For the Glory of the Lord Jesus Christ

Complementarianism: is it biblical? A study of 1 Corinthians 11 – Part 2


Michelangelo,_Creation_of_Eve_00In the last article, we were studying in Genesis 1 and 2 to see how the Lord God Almighty set up and defined marriage between a woman and a man or a man and a woman.  In this article, Part 2, we will be examining Scripture from 1 Corinthians 11:2-3,  (but also including verses 4-16 for the full treatment), as these Scriptures were listed at the bottom of Gavin Peacock’s article.  When dealing with words in the Scriptures, the student must first acquaint themselves with the words and how they were understood in the day that they were spoken.  Too often, verses of Scripture are lifted out of their context in order to establish a point that was never intended by the author of the epistle.  Plus, there are instances of cultural issues that the author is addressing within the letter that are not relevant to our day and time.  In those cases, the heart of the prohibition should be established and then the central idea can be applied to our day.

In the case of 1 Corinthians 11:2-16, it is addressing the cultural issue of head coverings.  Furthermore, looking to the last chapter of 10:1-14, which deals with Israel’s tendencies to fall into idolatrous practices; Paul addresses both Jew and Gentile Christian believers, especially those that were former pagans, who shopped for their meat supplies in the ‘shambles,’ which contained meats first offered to idols and then were thrown out.  This meat was collected and sold at greatly reduced prices.  Paul allows for this meat to be bought and eaten as long as they basically do not practice the pagan rites that went along with the meat.  So in v. 25, Paul instructs them to go ahead and eat the meat sold in the shambles, yet just do not ask any questions about its history.  So we are dealing with the cultural issues of Corinth.  In v. 32, Paul once again instructs the believers to

1 Cor 10:32-11:1

Give none offence, neither to the Jews, nor to the Gentiles, nor to the church of God.  Even as I please all men in all things, not seeking mine own profit, but the profit of many, that they may be saved.  Be ye followers of me, even as I also am of Christ.
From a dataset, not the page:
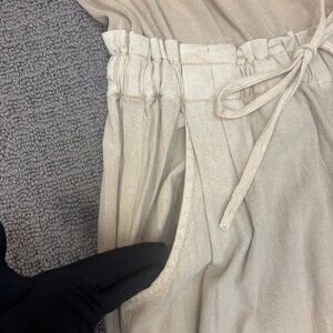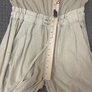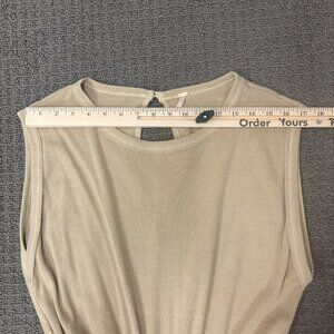 Free People Mixed Media One Piece Beige Sleeveless Jersey Knit Top Ruched Leg
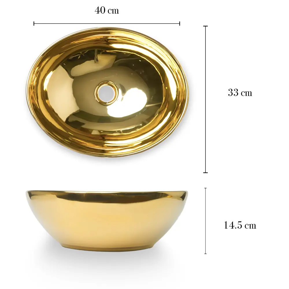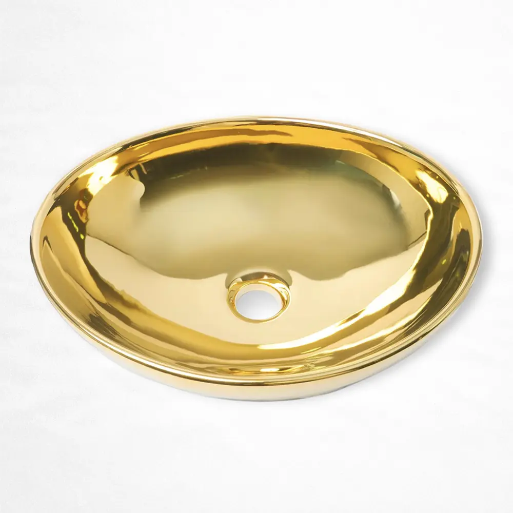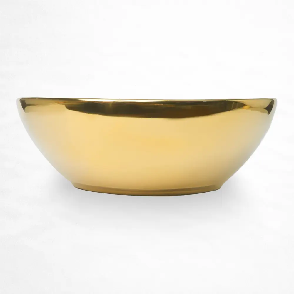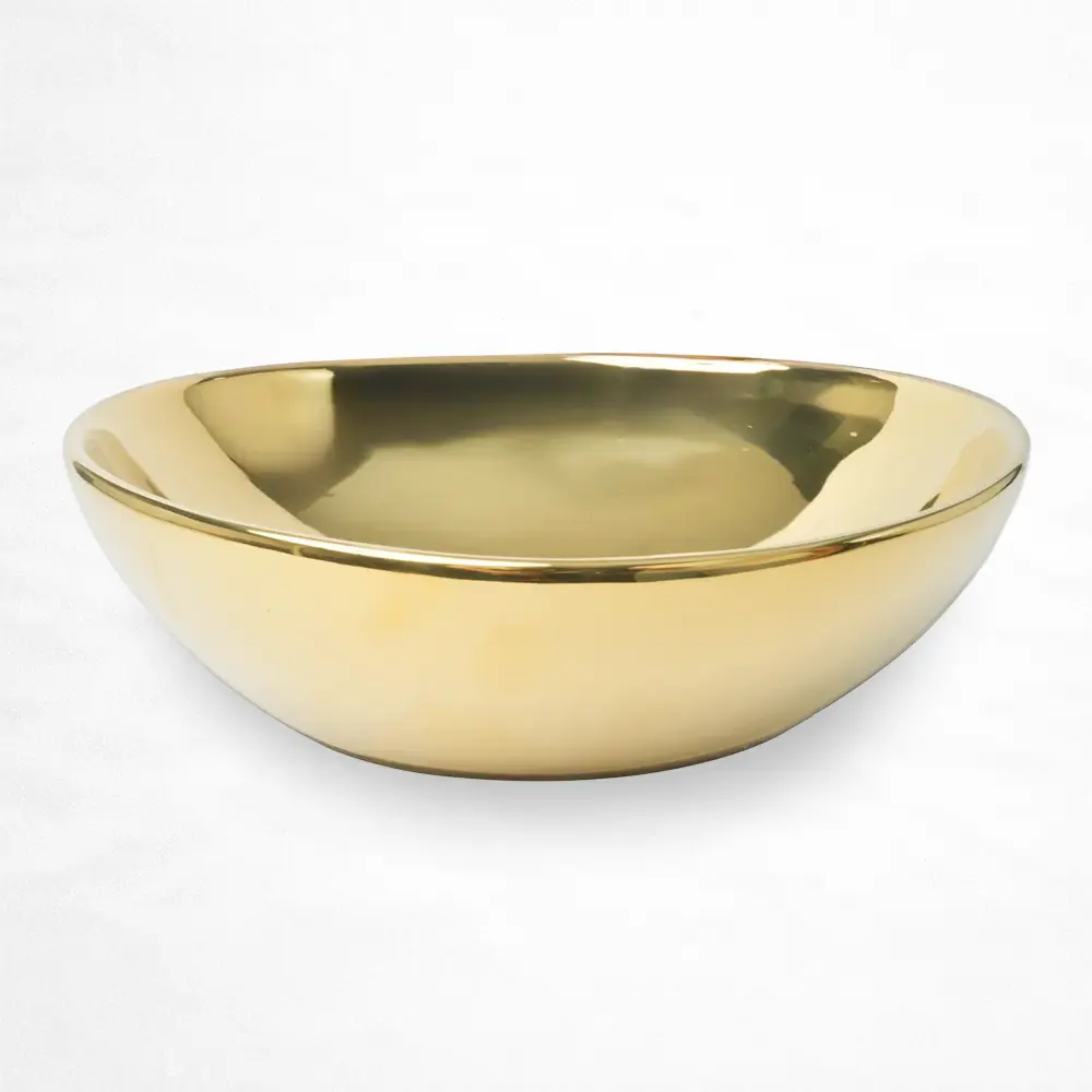 Lavabo de sobreponer con diseño tipo tazón, fabricado en cerámica resistente y acabado metálico plateado. Su forma profunda y líneas redondeadas aportan una estética moderna y sofisticada, ideal para baños residenciales o comerciales que buscan una pieza protagonista. Incluye orificio de drenaje estándar y ofrece una superficie durable y fácil de mantener, perfecta para integrarse en espacios contemporáneos o de inspiración premium.

Then in v. 33 Paul is basically saying that (without sin) he accommodates other people in order that he might save them; then in 11:1 instructs the Corinthians to be followers of him just as he follows Christ.  So this then sets the stage for the following verses in which Paul lays out what seemingly looks like a prescriptive command that women should be veiled.  However, according to James B. Hurley, “women in ancient Judaism and in the Greco-Roman culture were generally not veiled in public–the shawl/face veil for women came into Near Eastern custom later through Islam…Men and women were given a cooperative social mandate in creation; women’s role was restricted only religiously in Israel*”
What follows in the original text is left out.